*** Source data Section Begins ***
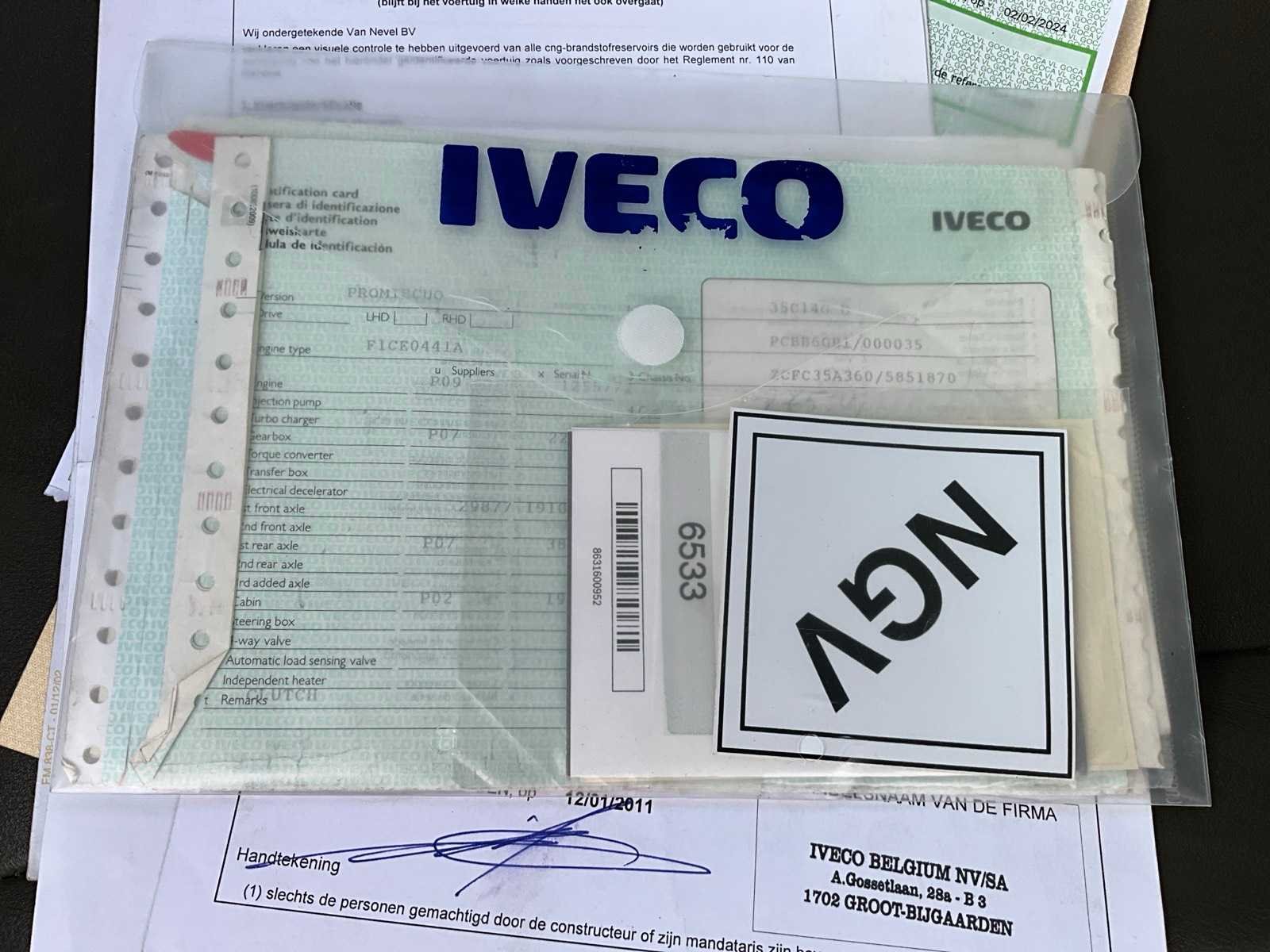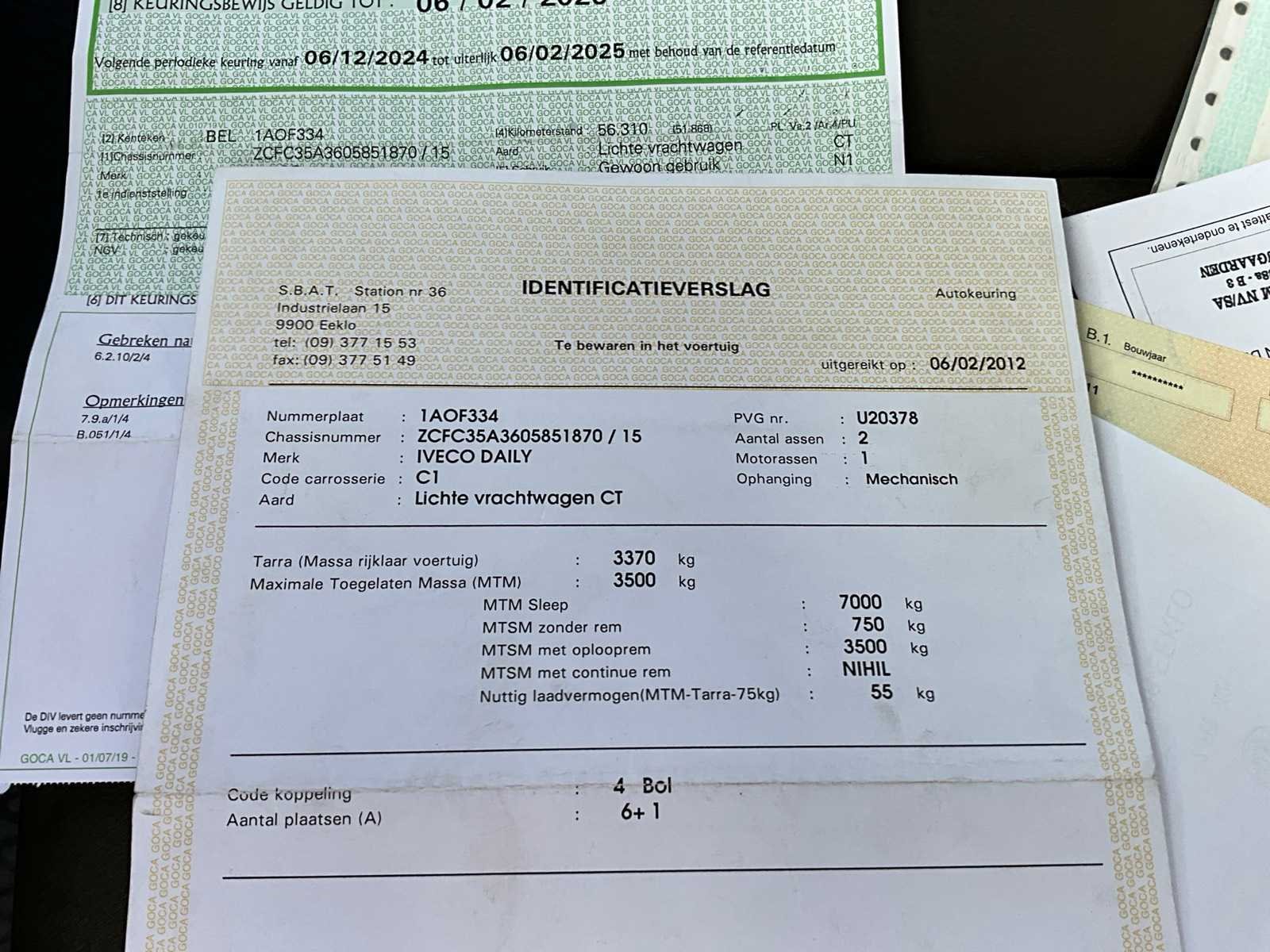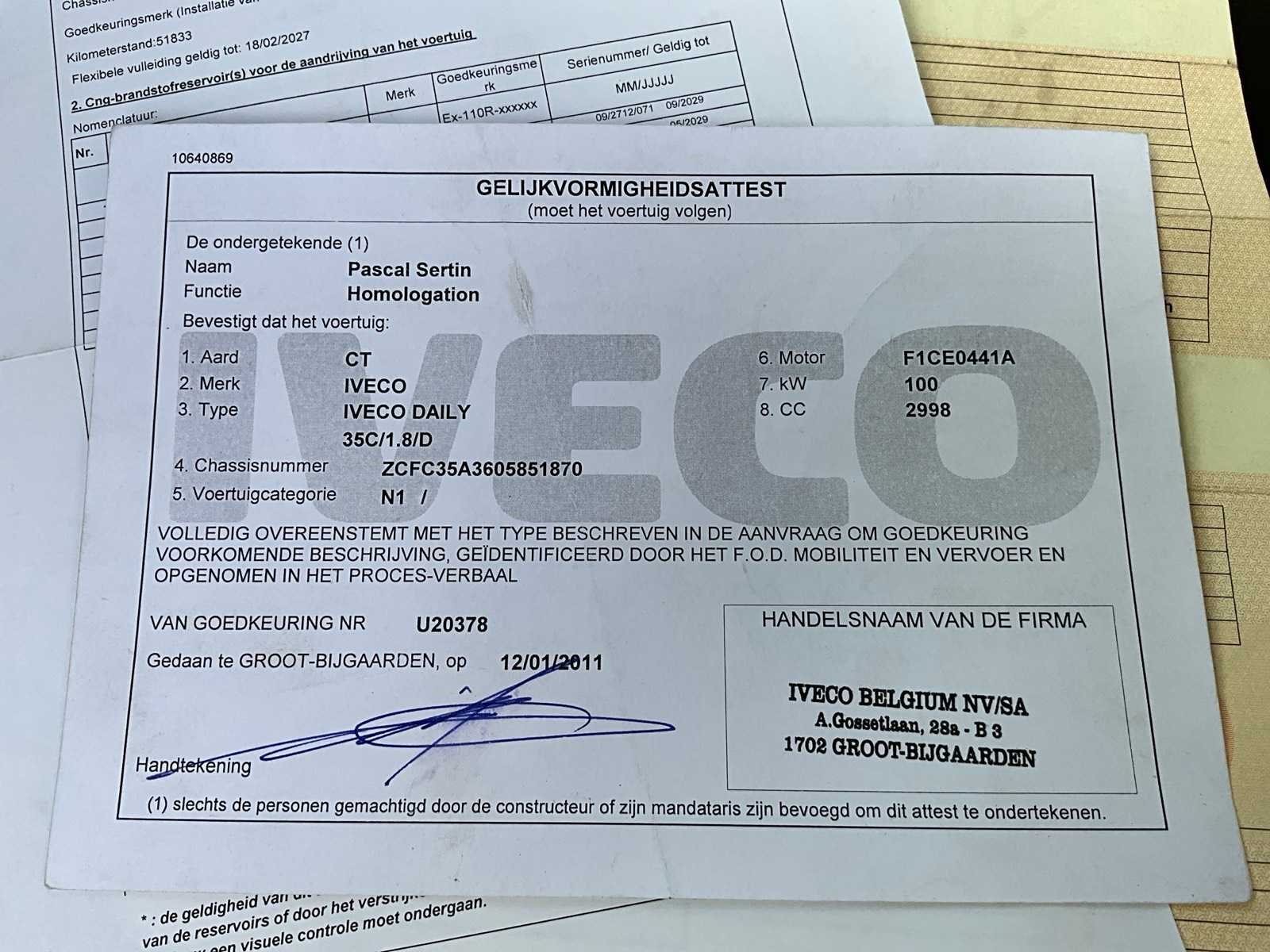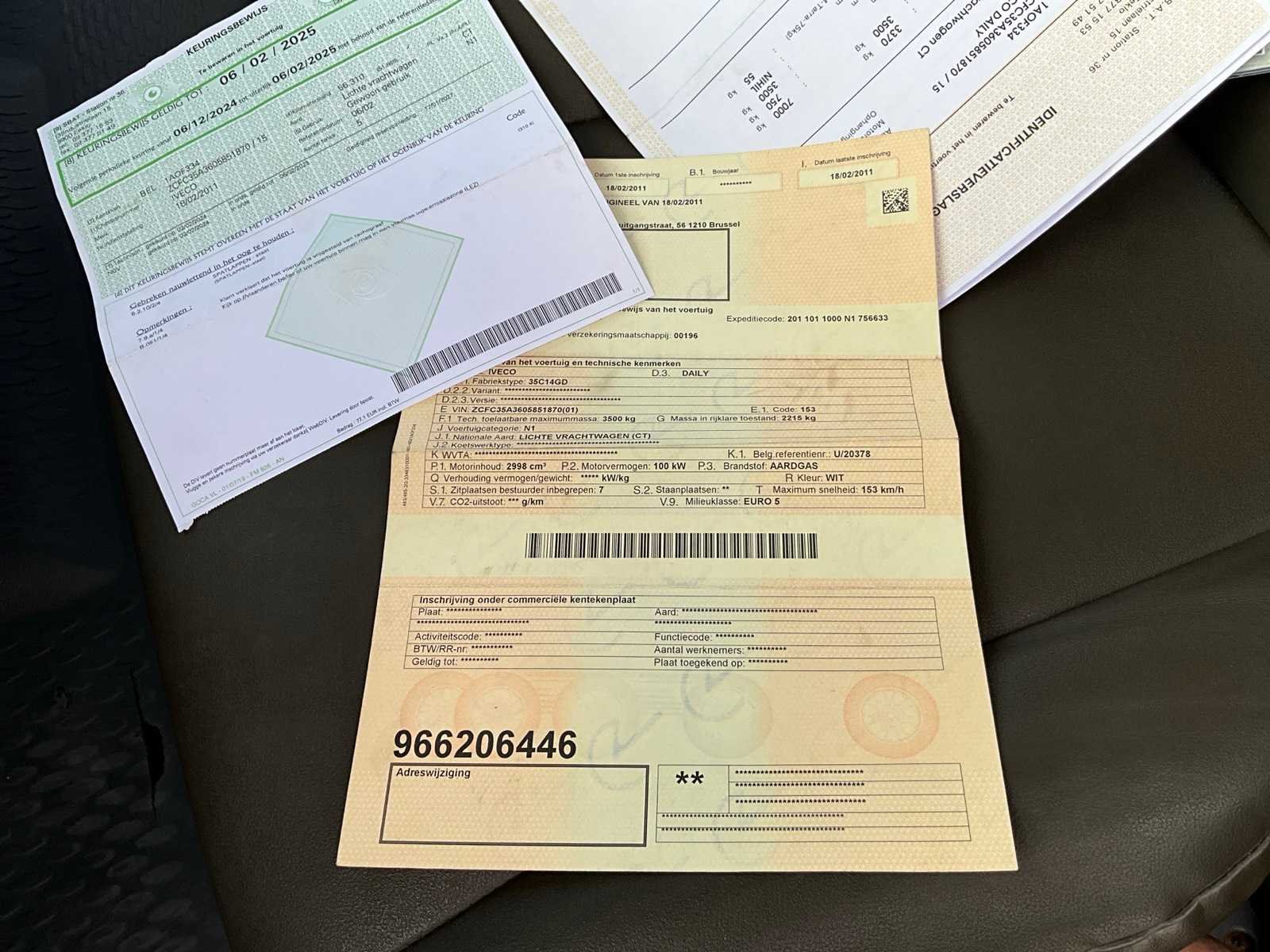 Nee Merk: Iveco Model: Daily 3.0 Bouwjaar: 2011 Afgelezen kilometerstand: 59676km Cilinderinhoud: 2998cc Vermogen (kW): 100kW Brandstof: Benzine + CNG Chassisnummer: ZCFC35A3605851870 Datum eerste toelating: 18/12/2011 Transmissie: Handgeschakeld Nationaliteit documenten: Belgisch Start en rijdt: Ja startinformatie : Start en rijdt Inschrijvingsbewijs - deel 1 : Aanwezig Inschrijvingsbewijs - deel 2: Aanwezig
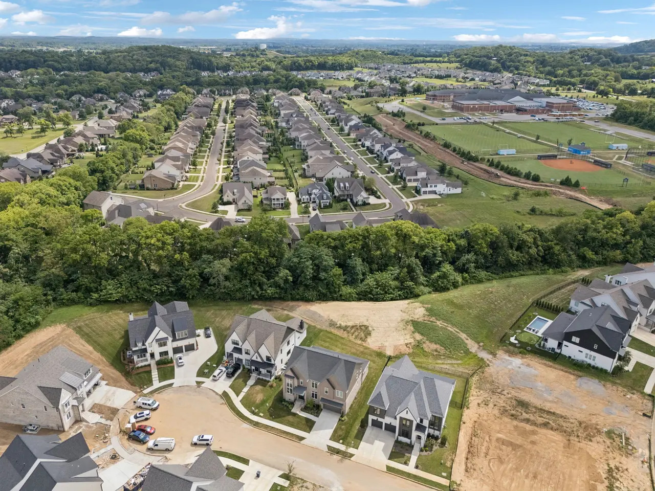 Welcome to this breathtaking masterpiece built by Hidden Valley Homes, with exceptional craftsmanship, thoughtful design, and luxurious finishes throughout. From the moment you arrive, the brick exterior, sleek metal roof accents, and carefully selected trim details set the tone for the quality found inside. Step through the front door into a light-filled two-story foyer, where hardwood flooring flows throughout the main level, guiding you into a stunning open-concept living space that seamlessly connects the dining area, living room, and chef's kitchen. The living room is a showstopper with its coffered ceiling, gas fireplace with a brick surround, and a natural wood mantle--a perfect blend of warmth and sophistication. The kitchen is equally impressive, offering ceiling-height cabinetry, a spacious center island, built-in double ovens, gas cooktop, under-cabinet microwave, and a pantry with open shelving. Tucked just off the foyer is a private office or creative room with French doors--ideal for working from home or inspiring productivity. A drop zone conveniently located off the spacious 2-car garage adds everyday functionality. The main-level primary retreat offers elevated design with a tray ceiling, custom accent wall, and a spa-like en suite featuring double vanities, a freestanding soaking tub, a floor-to-ceiling tiled shower, and a huge walk-in closet that connects directly to the laundry room for added convenience. Upstairs, a large bonus room with wainscoting sets the stage for casual living or entertaining, complete with a sleek, modern wet bar. 4 additional bedrooms, each with accent walls, walk-in closets, and 3 full bathrooms, complete the second floor. Step outside to a covered back porch that opens to a spacious, level backyard--perfect for outdoor entertaining or quiet evenings at home. This is a rare opportunity to own a move-in-ready home that backs up to Thompson's Station Elementary and Middle School and is just minutes from I-65 and I-840.
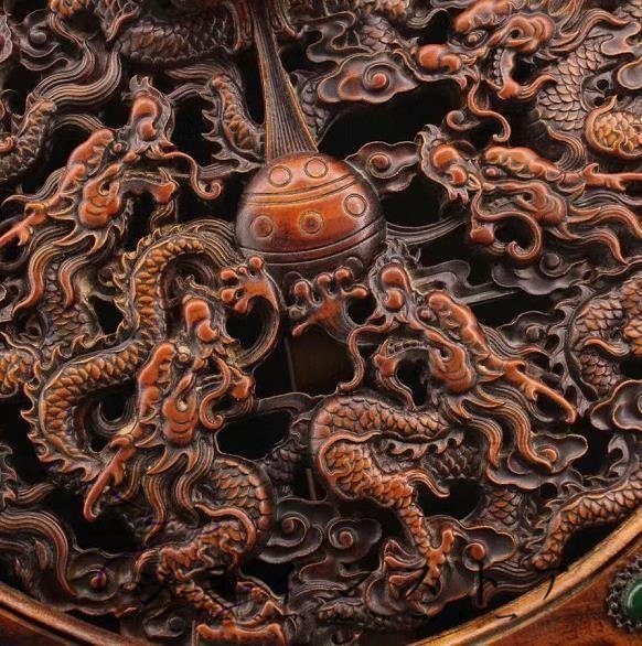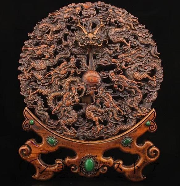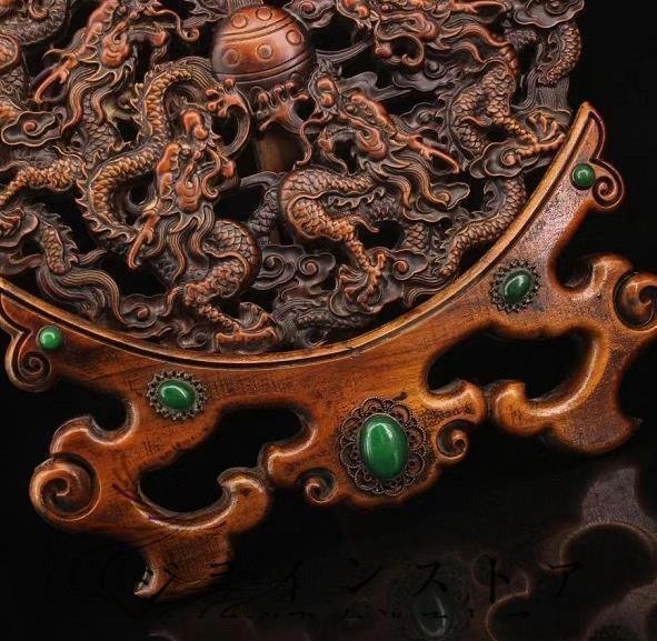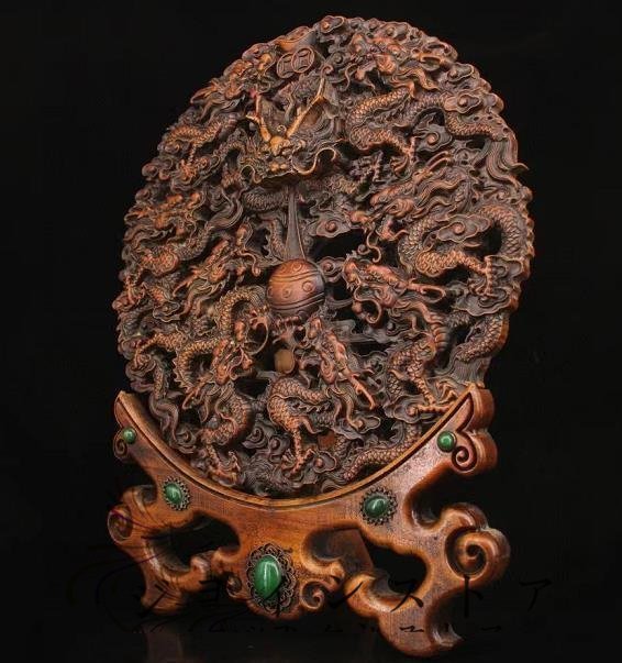高級製品! 九龍戯珠 (龍・竜・雲)高37 cm 参次元透かし彫刻 木製台座付
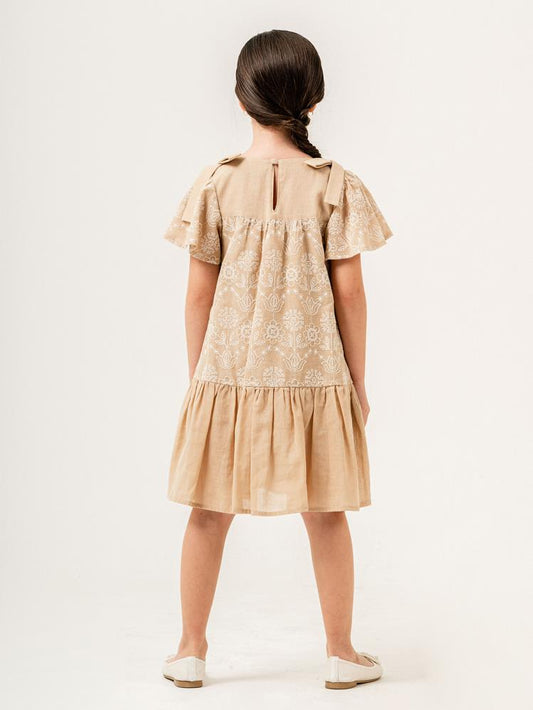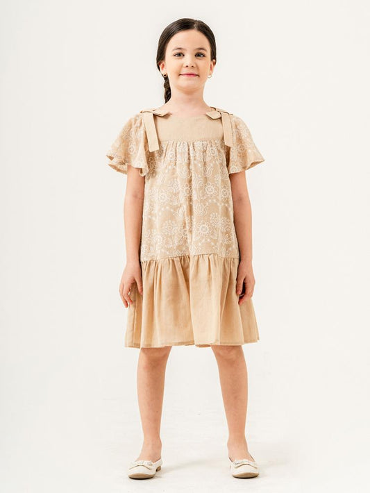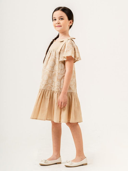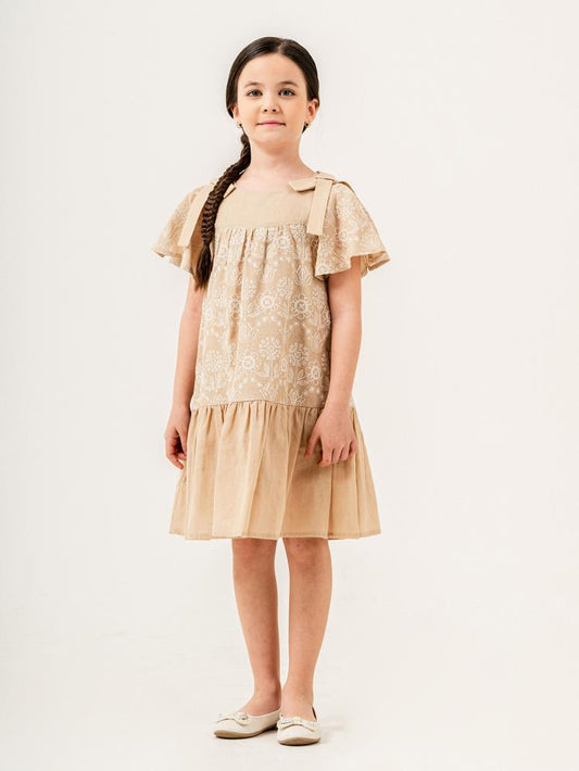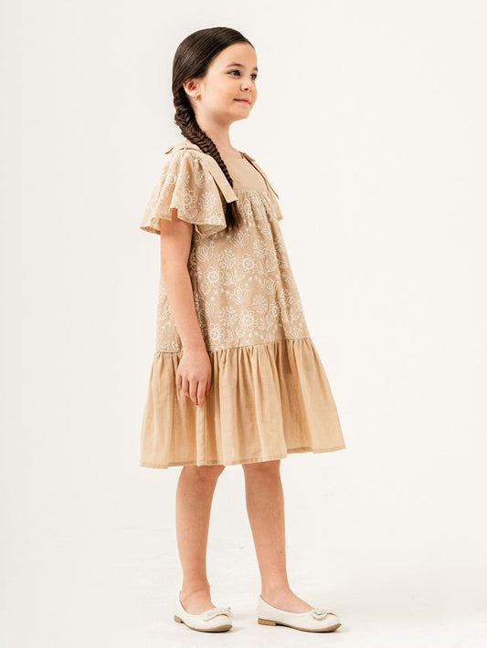 Cocoland çiçek desenli 2-5 yaş elbise - bej
*** Source data Section Ends ***
**Work instructions**
Excluding the pictures, retype the line containing "Welcome to this" and all lines after it down to the end of the data above.

**Expected output**
 Welcome to this breathtaking masterpiece built by Hidden Valley Homes, with exceptional craftsmanship, thoughtful design, and luxurious finishes throughout. From the moment you arrive, the brick exterior, sleek metal roof accents, and carefully selected trim details set the tone for the quality found inside. Step through the front door into a light-filled two-story foyer, where hardwood flooring flows throughout the main level, guiding you into a stunning open-concept living space that seamlessly connects the dining area, living room, and chef's kitchen. The living room is a showstopper with its coffered ceiling, gas fireplace with a brick surround, and a natural wood mantle--a perfect blend of warmth and sophistication. The kitchen is equally impressive, offering ceiling-height cabinetry, a spacious center island, built-in double ovens, gas cooktop, under-cabinet microwave, and a pantry with open shelving. Tucked just off the foyer is a private office or creative room with French doors--ideal for working from home or inspiring productivity. A drop zone conveniently located off the spacious 2-car garage adds everyday functionality. The main-level primary retreat offers elevated design with a tray ceiling, custom accent wall, and a spa-like en suite featuring double vanities, a freestanding soaking tub, a floor-to-ceiling tiled shower, and a huge walk-in closet that connects directly to the laundry room for added convenience. Upstairs, a large bonus room with wainscoting sets the stage for casual living or entertaining, complete with a sleek, modern wet bar. 4 additional bedrooms, each with accent walls, walk-in closets, and 3 full bathrooms, complete the second floor. Step outside to a covered back porch that opens to a spacious, level backyard--perfect for outdoor entertaining or quiet evenings at home. This is a rare opportunity to own a move-in-ready home that backs up to Thompson's Station Elementary and Middle School and is just minutes from I-65 and I-840.
高級製品! 九龍戯珠 (龍・竜・雲)高37 cm 参次元透かし彫刻 木製台座付
 Cocoland çiçek desenli 2-5 yaş elbise - bej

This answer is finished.